[[ GIVEN MATERIAL, beginning ]]

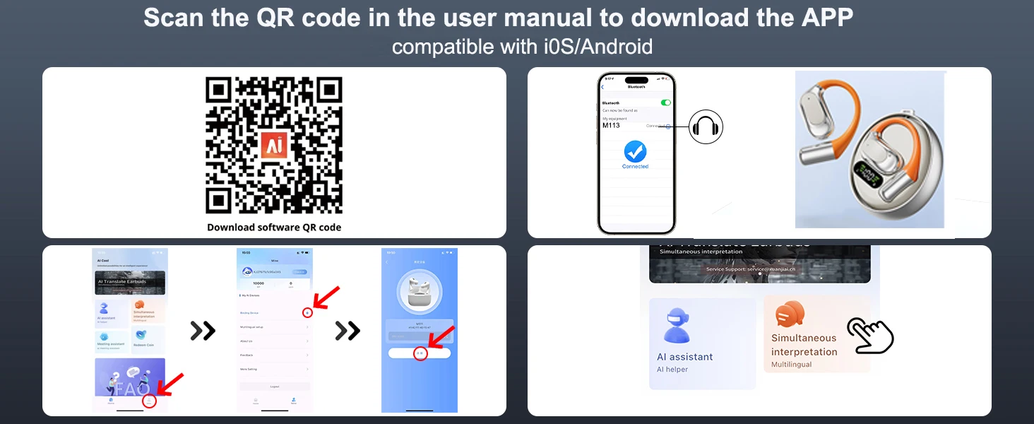 AI Translator On-ear Headphones 144 Languages Real Time Two-Way Translation Earphones Stereo Sound Wireless Bluetooth Headsets
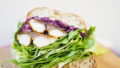 トーストした全粒粉のパンに、ハム、チーズそしてオムレツをサンド。
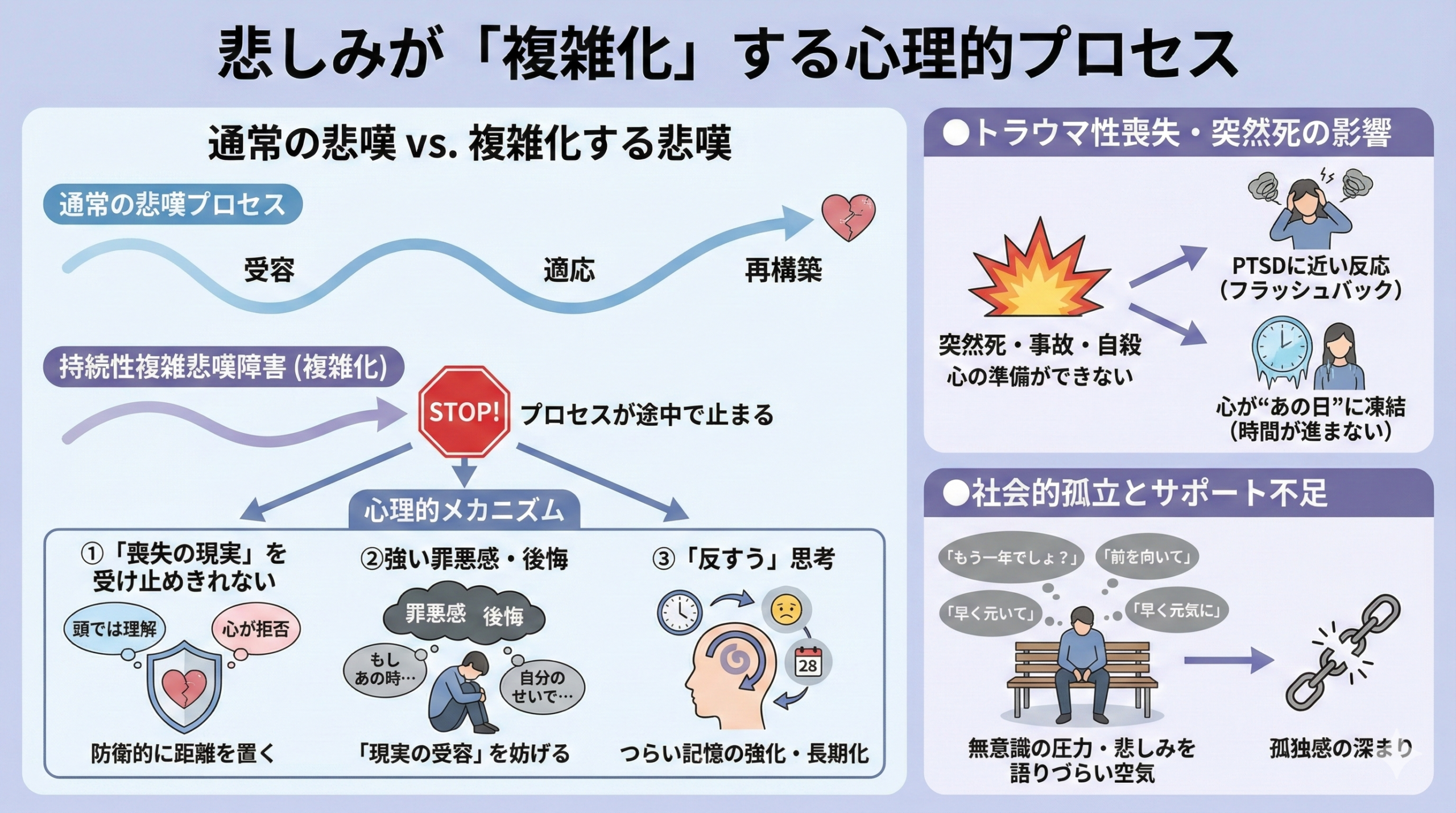 - うつ病やPTSDとは心理的プロセスが異なり、焦点が「亡くなった特定の人」に向かう点が特徴

[[ GIVEN MATERIAL, end ]]

Recopy the full listing exactly, passing over any picture.

 AI Translator On-ear Headphones 144 Languages Real Time Two-Way Translation Earphones Stereo Sound Wireless Bluetooth Headsets
 トーストした全粒粉のパンに、ハム、チーズそしてオムレツをサンド。
 - うつ病やPTSDとは心理的プロセスが異なり、焦点が「亡くなった特定の人」に向かう点が特徴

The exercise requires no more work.